Говорят, сегодня Шмитт - самый читаемый в мире французский автор, а это означает, что Бальзак, Верн, Гюго, Мопассан, Сименон и прочая-прочая давно приняли его в круг классиков. Многочисленные драматические произведения Шмитта поставлены на сценах разных стран. Его повести «Дети Ноя» и «Мсье Ибрагим и цветы Корана», романы «Евангелие от Пилата» и «Секта эгоистов» известны всему миру. Профессиональный философ стал профессиональным писателем благодаря таланту говорить со всеми так, словно разговор этот идет тет-а-тет – с каждым читателем в отдельности. Проза Шмитта затрагивает темы, на которые современные люди не часто говорится вслух – жизнь, смерть, любовь, отношения людей с богом и собственной совестью.

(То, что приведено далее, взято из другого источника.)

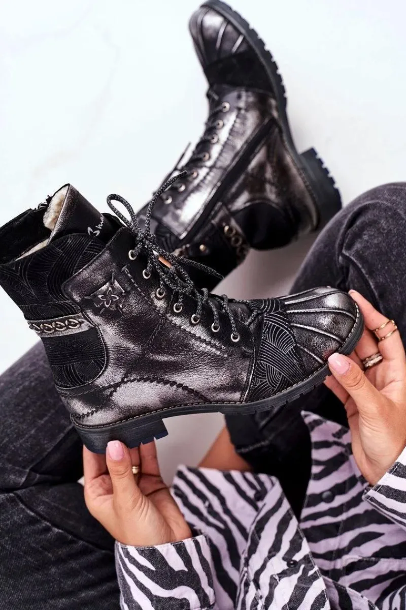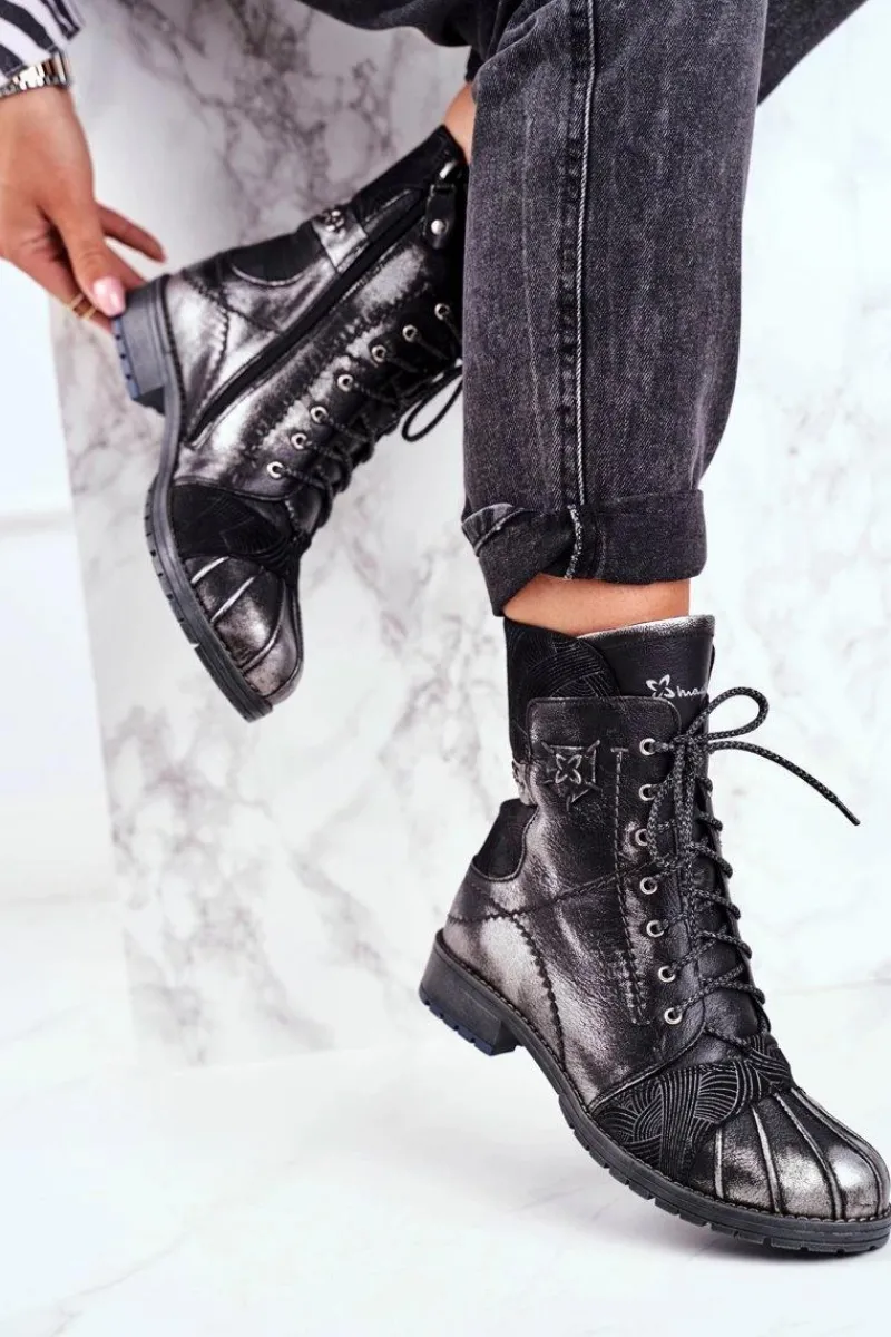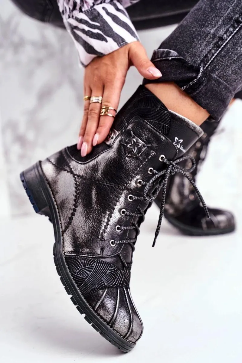 Hot Maciejka Botki Damskie Skórzane Ocieplane Czarne 03961-01
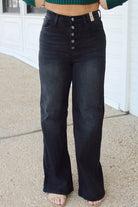 These high-rise wide-fit jeans offer comfortable roominess without compromising style. Designed with classic 5-pocket construction and a secure five-button closure, they provide a flattering fit and practical details. Perfect for anyone seeking both comfort and timeless denim appeal.
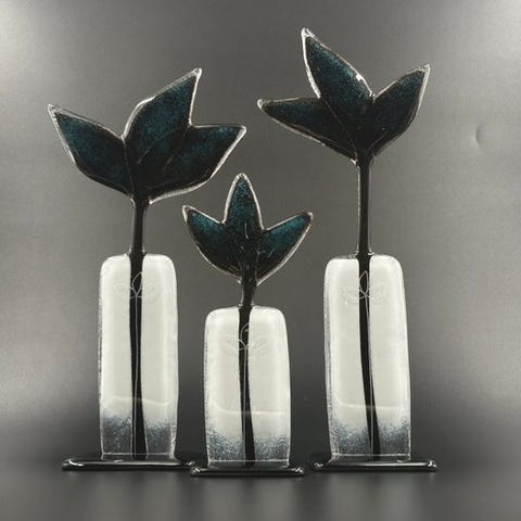 To glas valmuefrø blomster håndlavet i en smeltningsteknik af Maciej Habrat, en polsk kunstner, der har arbejdet med glas i over 20 år. Klar og opalglas smeltes sammen for at skabe disse moderne, ekstraordinære former. Glas solsikker er fremragende værker, og de vil helt sikkert tiltrække seerens opmærksomhed med deres livlige, distinkte finish og røde farve. Dimensioner: højde - 22 cm, bredde - 11 cm, dybde - 5,5 cm; Emballage: de leveres i elegante gaveæsker. Et certifikat for ægthed er vedlagt
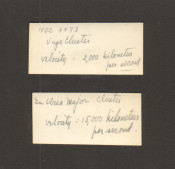 Mounted on cardboard (30 x 50mm). Each spectrum is described by Hubble in pencil on the verso, and gives the recessional velocities of these galaxies, and other astronomical information:
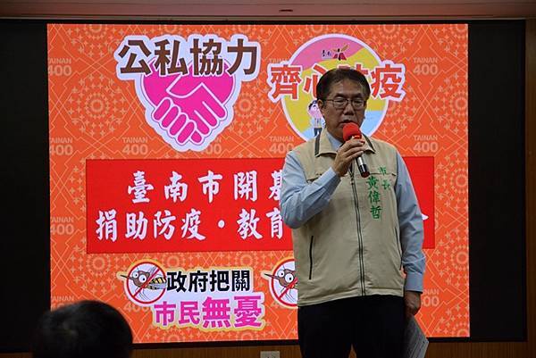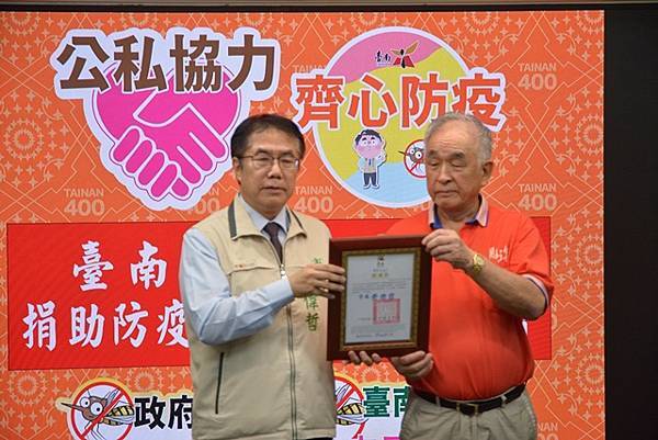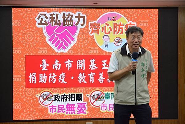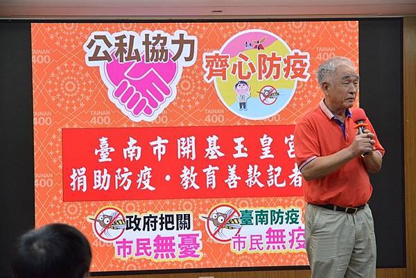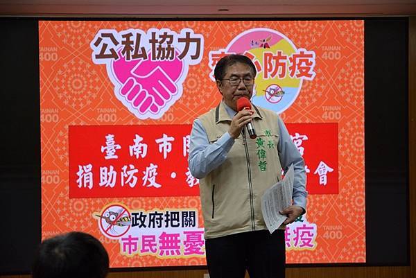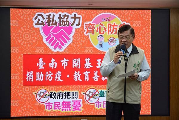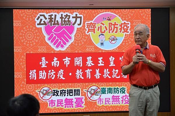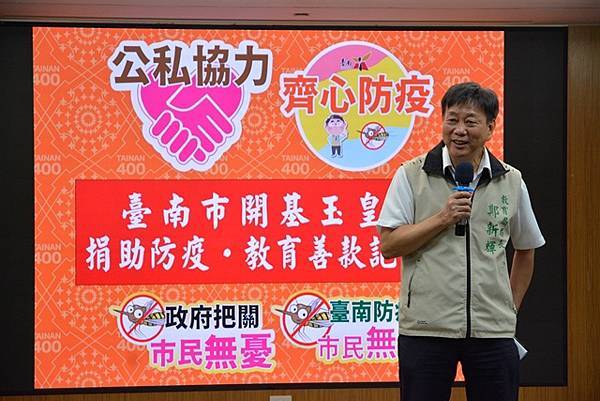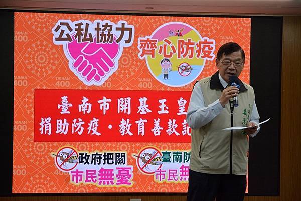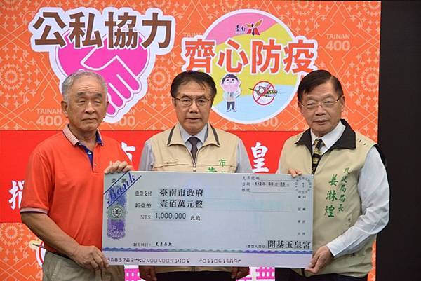 黃偉哲強調,現值登革熱疫情升溫,呼籲市民朋友持續落實「巡、倒、清、刷」等防疫作為,也祈求天公有好生之德,保祐台南市登革熱疫情早日消除,市府將與開基玉皇宮攜手合作,並善加運用經費,讓大愛與關懷傳遞下去。
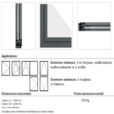 Ouverture intérieureÀ la française, oscillo-battante, pliable, oscillo-coulissante et à souflet.
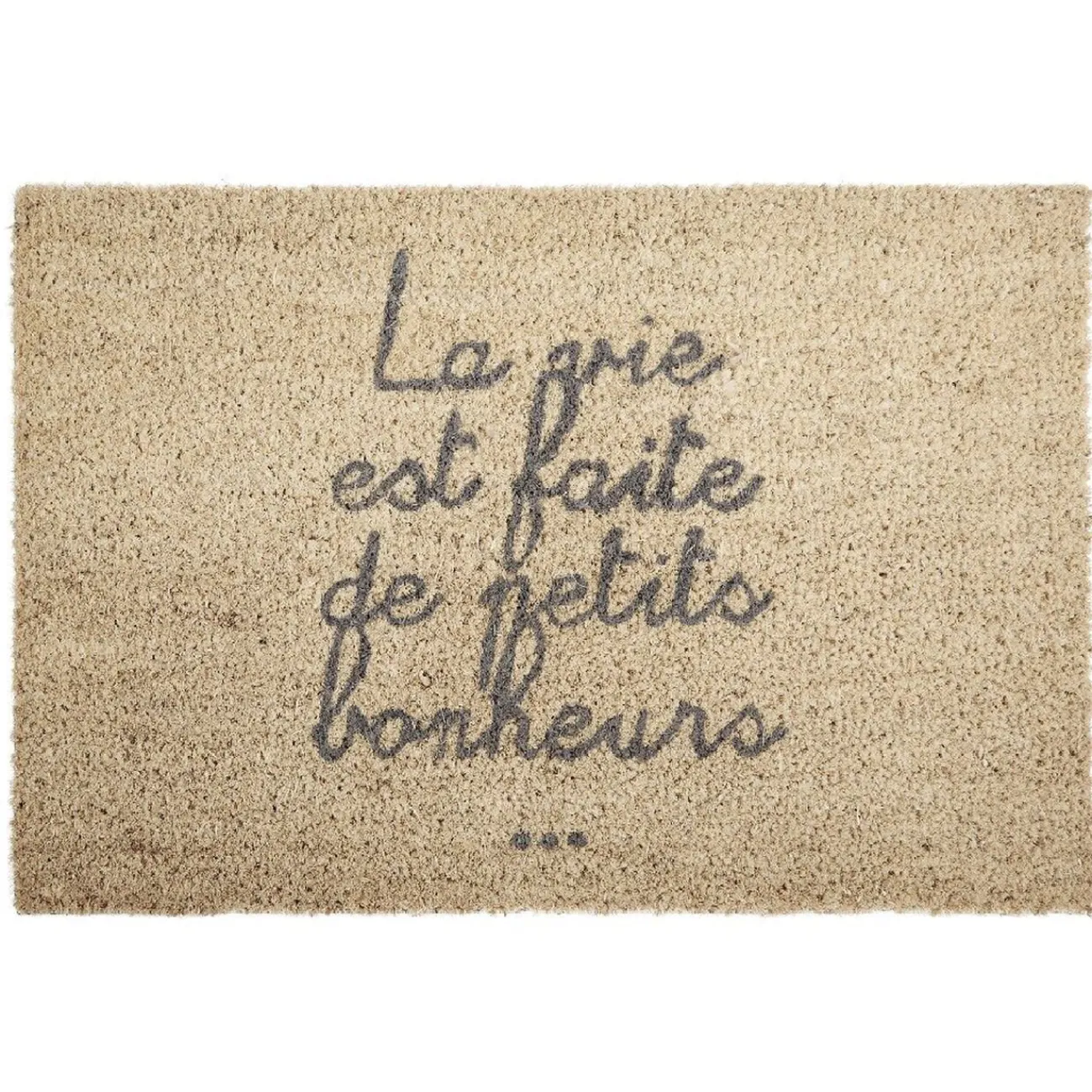 Paillasson beige avec inscription grise « la vie est faite de petits bonheurs… ».
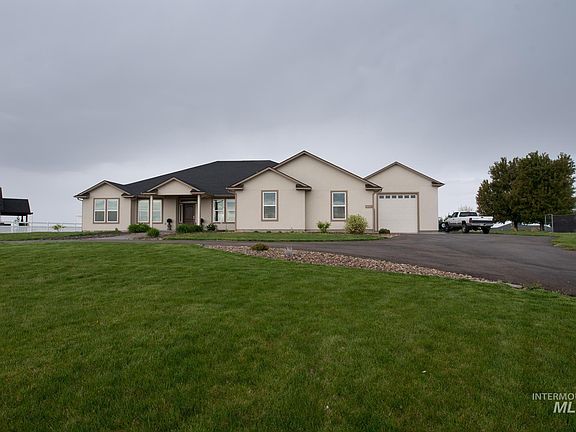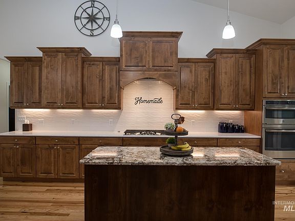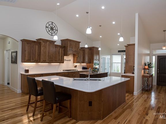 Placed at the top of the hill on 1+ acres with views for miles, this simple, yet stunning, home is the perfect balance of beauty and comfort. Gorgeous hickory wood floors complement quartz and granite counters and subtle ash cabinetry. Soaring ceilings and an open floor plan create a calming spaciousness. From the double pantry to master bath connecting to the laundry, even the practical details are here. The RV garage is 25x45 with a 14' high door and has full hookups. The oversized 2 car garage is 29.5'x29'. Stucco siding, large covered back patio to enjoy the outdoor aesthetics. This is simple elegance in the country. Come experience it for yourself!
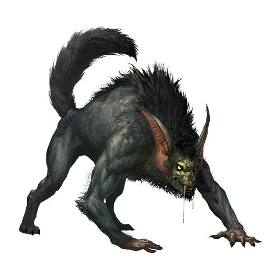 Barghests are lupine fiends with goblinoid faces and humanoid hands. They stalk the Material Plane in search of souls to sate their demonic hunger. Eons ago, barghests dwelled in the pits of Hell and served Asmodeus, but after Lamashtu abducted and adopted the four most powerful of their kind to serve as pets (and in time, as a pantheon of hero-gods worshipped by evil goblins), barghests’ loyalties and philosophical nature changed significantly. Today, while barghests retain their connection to goblinoids, they serve none but their own appetites.
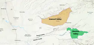 Inwood Valley is an American Viticultural Area (AVA) located in southern Shasta County, in north-central California. It was established on September 12, 2012, by the Alcohol and Tobacco Tax and Trade Bureau (TTB), Treasury after reviewing the petition submitted by consulting geographer Patrick Shabram, on behalf of himself and Anselmo Vineyards of Inwood Valley, proposing a viticultural area named "Inwood Valley."[4]
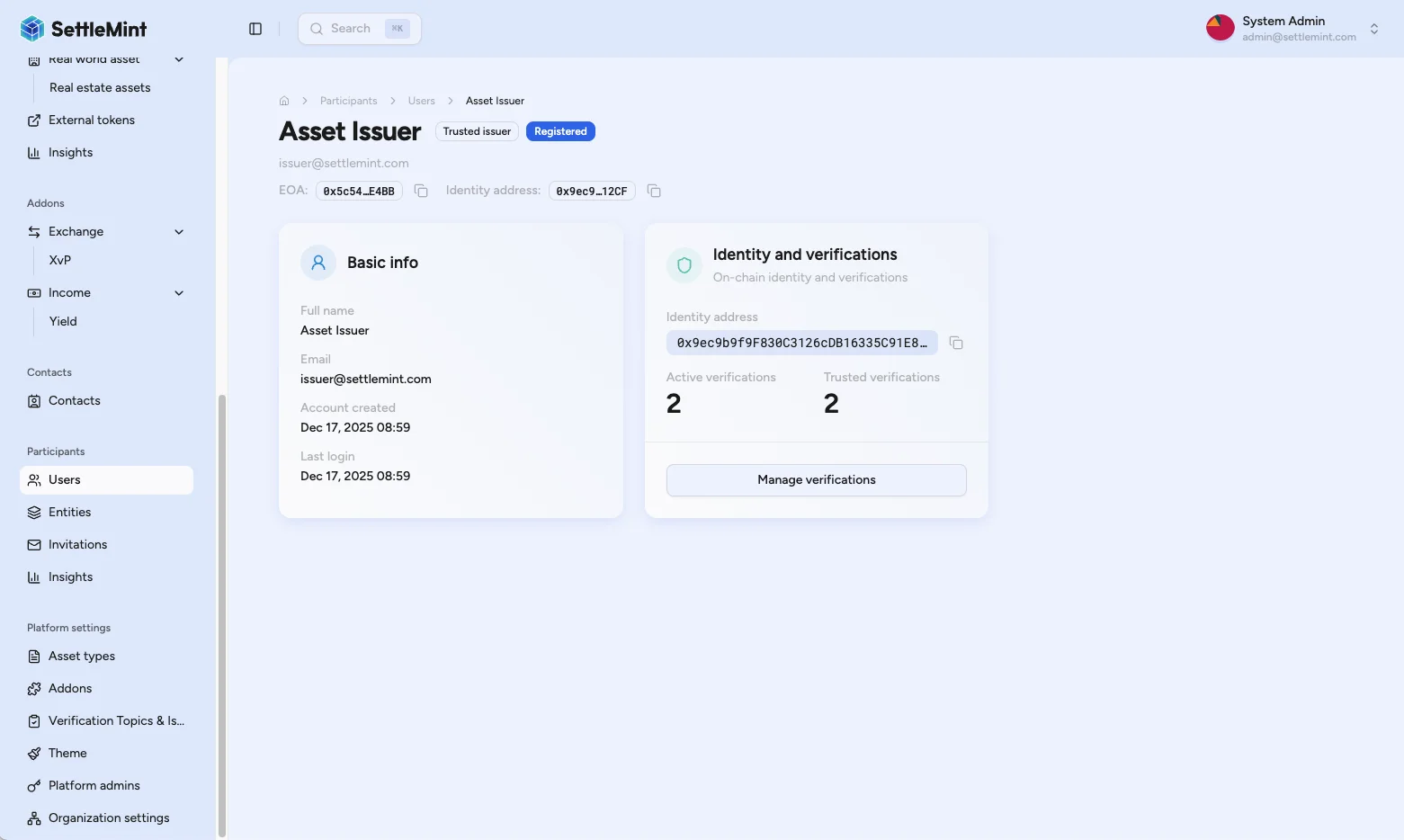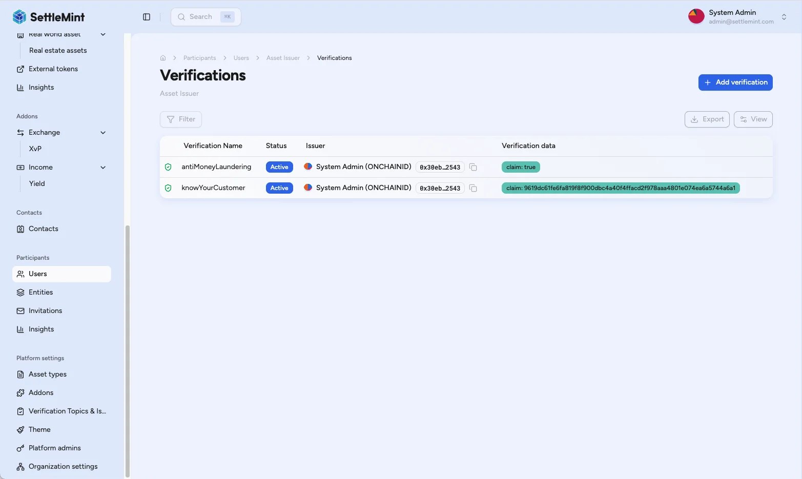 | Cannot see Add verification button | • Verify you have Verification Issuer role • Check you're configured as trusted issuer for KYC topics • Ensure user is enrolled in registry |
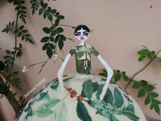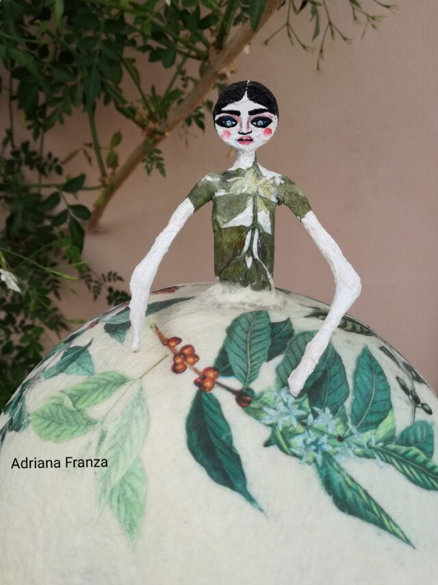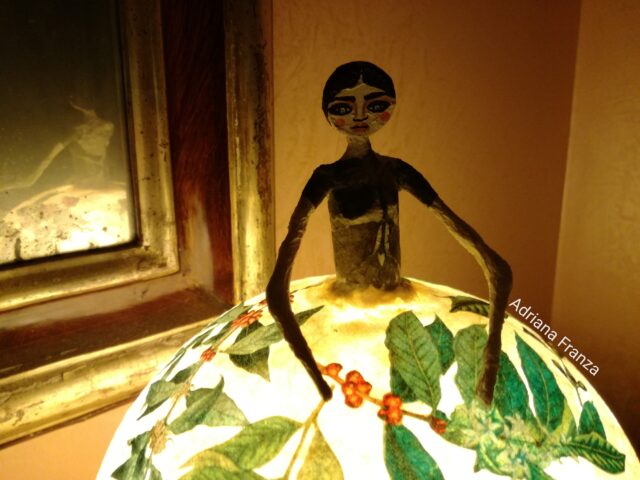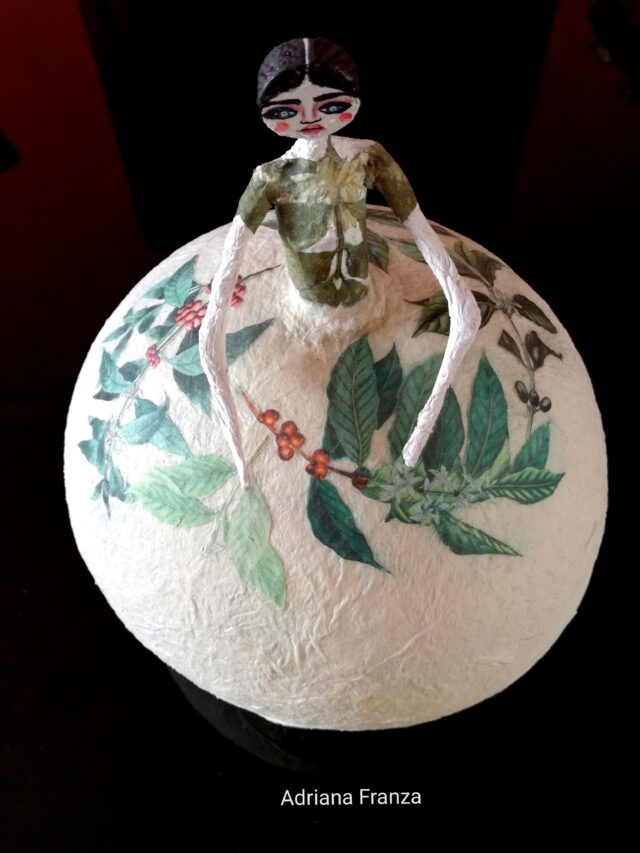 Light, delicate, romantic. Coffee leaves are placed on her dress. Clara is a handmade papier-mache mood lamp. Equipped with lamp holder with cable and switch. Diameter 18 cm; Height: 28 cm.

Наш корреспондент встретился с писателем во время ноябрьского фестиваля «Эрик-Эммануэль Шмитт в Санкт-Петербурге», организованного Молодежным театром на Фонтанке.
- Господин Шмитт, фестиваль, носящий ваше имя, лично для вас – случайность или закономерность?
- Нет, это не правило, хотя уже однажды происходило похожее – в Германии. Нынешний фестиваль в Петербурге для меня огромная радость, положительные эмоции, приятное потрясение. И я очень признателен за это.
- В Петербурге вы не впервые: ранее вы побывали в нашем городе в 2005 году…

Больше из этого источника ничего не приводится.